J’ai lu ce livre de Ferghane Azihari, publié en début d’année 2026, aux éditions Les Presses de la Cité. Tous ceux qui entendent combattre la montée guerrière ouverte ou cachée de l’islam dans nos sociétés, les collusions avec les gauches, donc ce que l’on nomme l’islamo-gauchisme, les dérives wokistes et anti-occidentales, anticolonialistes, doivent impérativement le lire.
J’ai l’ai lu le crayon à la main, tant les références historiques, politiques, littéraires, philosophiques, religieuses sont denses et pénétrantes. 330 pages, outre les notes, aucune longueur, un plaidoyer impitoyable contre l’islam, venant d’un homme d’origine comorienne et de tradition musulmane, on ne pouvait pas tomber mieux, si j’ose employer cette expression.
Il commence fort et ne lâche jamais sa proie « La religion de Mahomet ...semble condamner à un esclavage éternel, à une incurable stupidité, toute cette vaste portion de la terre où elle a étendu son empire », comme le proclamait Condorcet en 1795, dans l’esquisse d’un tableau historique des progrès de l’esprit humain. Tout est à l’avenant, dans une démonstration implacable et parfaitement documentée. Rien n’est gratuit, jeté à l’encan, tout est parfaitement construit et démontré.
La schizophrénie de l’islam est mise à jour. Cette religion a conquis des contrées très avancées, politiquement, culturellement, religieusement, comme la Perse, l’actuelle Syrie, une partie de l’Inde, le Croissant fertile, le Moyen-Orient, une partie de l’Europe, où régnaient le christianisme, le bouddhisme, le zoroastrisme, la civilisation gréco-romaine, des civilisations flamboyantes, qui ont été dévastées, telle l’arrivée massive d’une nuée de criquets. Et de plus, « une partie de l’immigration musulmane en Europe souffre d’oikophobie, la haine de l’endroit où l’on vit », comme l’a justement observé le grand écrivain espagnol Arturo Pérez-Reverte dans Le Figaro du 2 septembre 2024. Détester ceux qui vous ont accueilli, ce paradoxe permanent et si prégnant. Car les invasions musulmanes ont procédé strictement comme le contraire de la conquête romaine, à savoir « la lente altération, avant disparition, des civilisations antiques, gréco-romaines, et orientales...la complaisance européenne face à cet obscurantisme n’en est que plus consternante ». Détruire par la conquête, sans jamais rien amalgamer.

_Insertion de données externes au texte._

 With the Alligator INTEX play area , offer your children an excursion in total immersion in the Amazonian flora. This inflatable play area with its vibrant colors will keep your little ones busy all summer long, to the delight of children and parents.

Quant à l’islam des lumières, il vaut mieux l’oublier, en faire son deuil. « Aussi cet islam des Lumières dont les conteurs nous rebattent les oreilles, est-il aussi illusoire qu’un stalinisme à visage humain », « car le message de l’islam n’est pas l’œuvre d’un dieu, mais celle de faussaires ayant vécu entre l’Antiquité tardive et le Moyen Âge, dans les environs de la péninsule arabique, » « la linguistique, l’histoire critique, la philologie, l’archéologie, sont...autant de domaines qui contredisent l’idée religieuse que le coran serait un texte parfait et divin » comme nous l’enseignait l’immense anthropologue Claude Lévi-Strauss, dans Tristes tropiques.

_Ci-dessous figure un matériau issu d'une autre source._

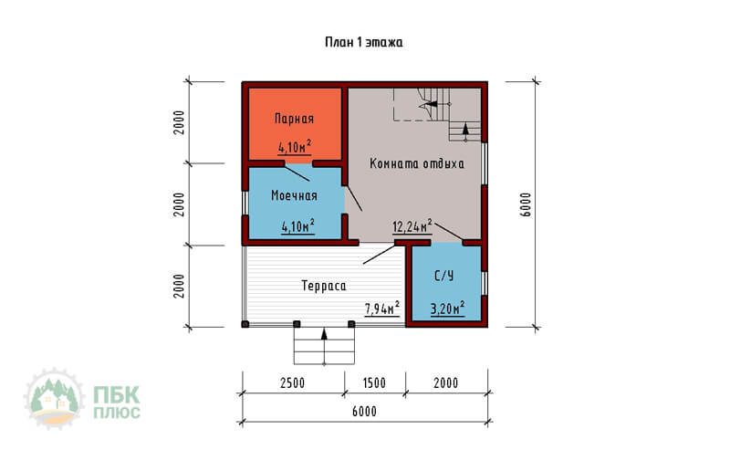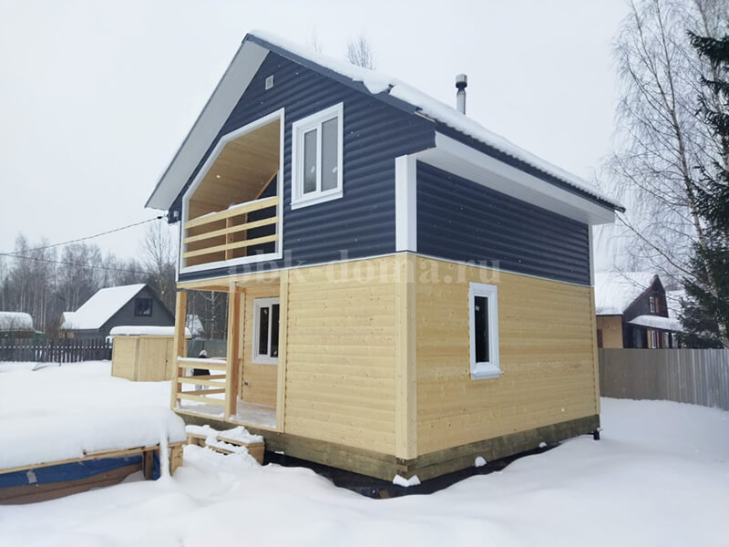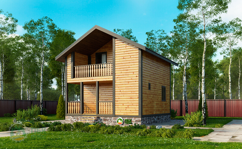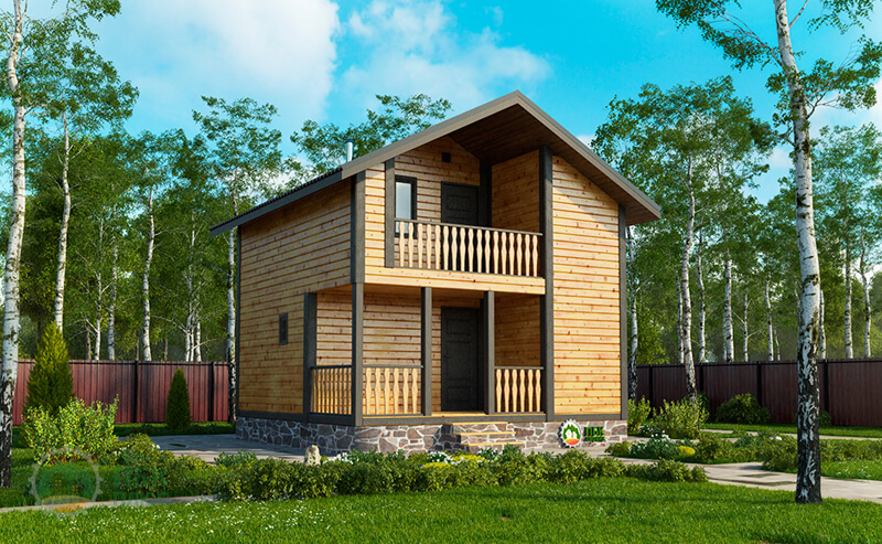 Баня из бруса «Робейка» 6х6 в полтора этажа с террасой

Ferghane Azihari nous le répète inlassablement, ce qu’entendent totalement occulter les musulmans : « L’Orient n’a pas toujours été musulman. Il gagnerait à ouvrir les yeux sur le cataclysme que fut l’irruption des disciples de Mahomet, qui l’ont dérobé à des mondes plus raffinés ». Car, « les écrits musulmans n’ont cessé de falsifier l’histoire des Arabes pour persuader que l’islam fut prêché à des nations arriérées », tel que nous l’apprend Christian Robin en étudiant le Yémen et l’Arabie avant l’arrivée de l’islam. Du temps des grecs par exemple, Gaza était parée de vignes opulentes, une ville distinguée qui compte tenu de ses richesses, expédiait en Syrie et en Égypte, un vin de bonne qualité, in Catherine Saliou : Le proche orient de Pompée à Muhammad, Ier siècle avant JC-VIIe siècle après JC. C’était déjà la conception d’un dénommé Ibn Khaldoun au XIVe siècle, qui dénonçaient les ruines et les désolations provoquées par des Arabes musulmans en Irak, en Syrie, en Afrique et dans le Maghreb (page 192).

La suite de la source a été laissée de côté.